Before them though came three other Reading bands. If the A&R crew had bothered to witness the entire evening they might have seen that Morning Runner weren't the best band on that night. It's another case of hype above reality.

Rebus kicked the night off with a huge metal-toed boot playing a range of Hives-style powerful garage punk.

Tight and immediately melodic guitar riffs rip through a roaringly upbeat set. Tracks such as the bittersweet Acute Pain start off slow but crescendo into rocking drums and primal singing.

Their new song about "working in London" has a rock version of drum n' bass with throbbing bass guitar, high one-tone guitar riff and chaotic drums while the singer loudly rasps: "work, sleep, work, sleep, get drunk at the weekend".

Clone A has bassist Chris singing with his clear powerful voice, showing that this is one helluva multi-talented band.

Oh, and it was Alex's birthday too so it's to his credit that he wasn't paralytic before they went on.

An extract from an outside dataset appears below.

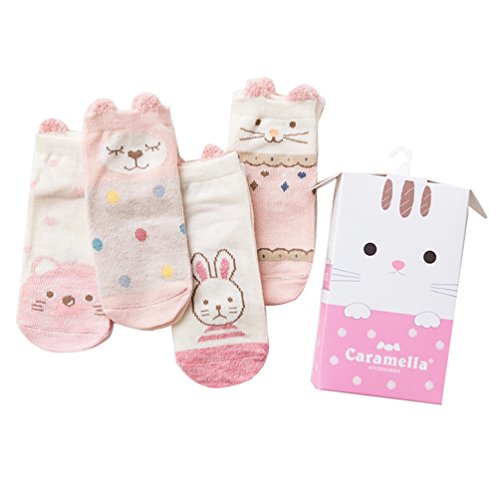 HORARA 子供 ソックス キッズ 靴下 綿100% スニーカーソックス かわいい 動物柄 吸湿速乾 抗菌 防臭加工(ネコ柄 4足 セット、S(1~3歳))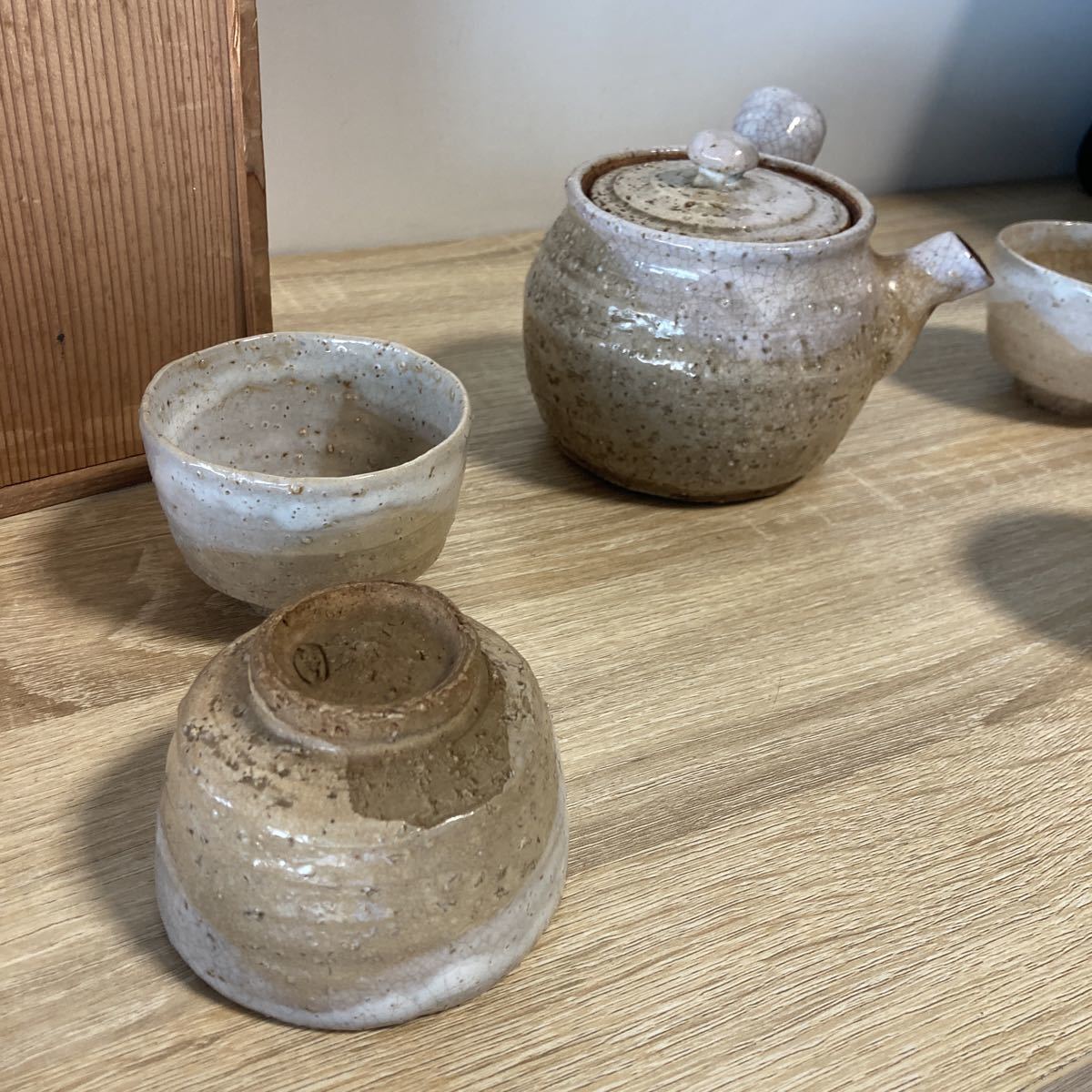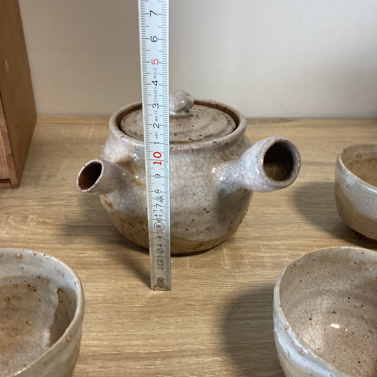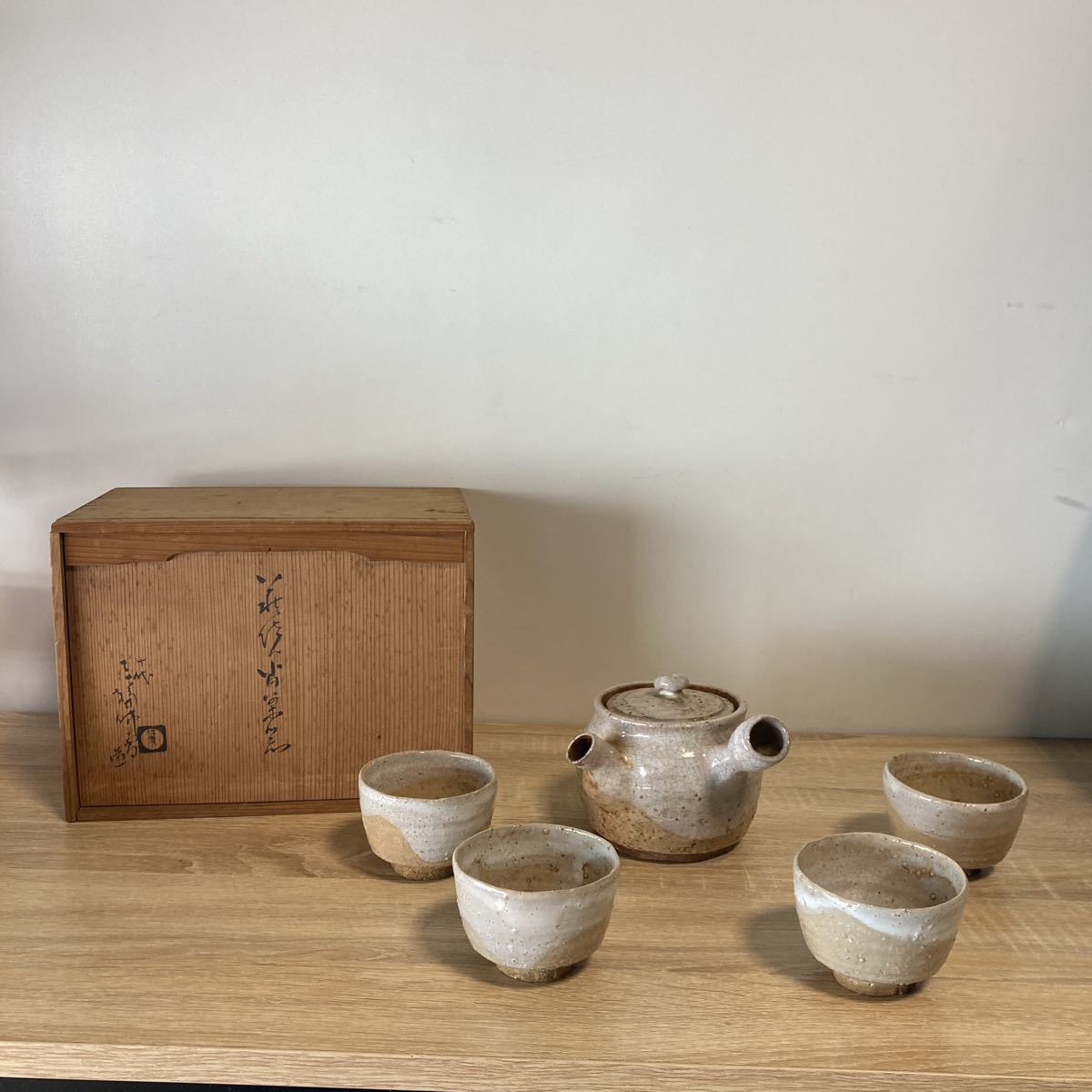【治】十代『三輪休雪』作 萩焼茶器揃☆共箱 煎茶碗 宝瓶 湯冷 人間国宝 白萩 煎茶道具

His level of drunkenness soon soared however when he was given a huge bottle of champers by Jim Bowes on stage.

Indie rockers My Luminaries I have lauded in past gig reviews but disappointingly they were lacklustre tonight.

Their last gig before taking a month off to record, songs usually played with animated vigour were performed with a mellow apathy, making their set nothing remarkable and certainly nothing special to a first-time viewer.

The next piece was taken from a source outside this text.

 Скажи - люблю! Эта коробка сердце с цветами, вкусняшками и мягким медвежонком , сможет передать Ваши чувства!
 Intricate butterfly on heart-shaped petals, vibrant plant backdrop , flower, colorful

Songs such as the usually vitriolic Transmitter and attitude-dripping Gigolo lacked fervour and sounded percolated through a muggy fuzz.

The radio-friendly Man Without His Phone raised their performance up a few notches and is a hit in the making - but otherwise the passion just wasn't there.

If you like pre-1995 Verve and the dramatic instrumentals of Mogwai then you'll love Polar Remote with their moody come-down music.

You'll either be mesmerised by the gothic shimmering guitars, droning Hammond organ/Moog synth and intense singing, or be uninspired and head for the bar.

This band, who have also enjoyed media hype, certainly have it in them to become spectacular with dark voluminous opuses such as Speechless and Don't Hang Up.

But it's an acquired taste and evidently not one most of the crowd had. And it's true that the singer sounds like James Walsh of Starsailor.

Then the moment had come for indie popsters Morning Runner, and the hype had driven a large audience towards the front of the stage.

But while the Faith & Hope-signed band delivered a tight set of rolling rock, feel-good melodies and punchy rhythms, there was no sense of them towering above the others with their amazing talent. Rather, I thought Rebus were far better.

The most distinctive element to Morning Runner's sound was singer Matt's raspy high voice.

Slower and quieter songs such as Burning Benches, about breaking up with girlfriends, were beatific but almost drowned out by the loud audience chatter.

Don't Fall Down delivered rich lolling melodies behind bolshy two-beat drums but again their sound I don't think was worthy of the A&R scrum.

Good luck to the band, which I do think are talented, but the indie charts are full of bands that all just sound the same. Isn't it about time we were more discerning?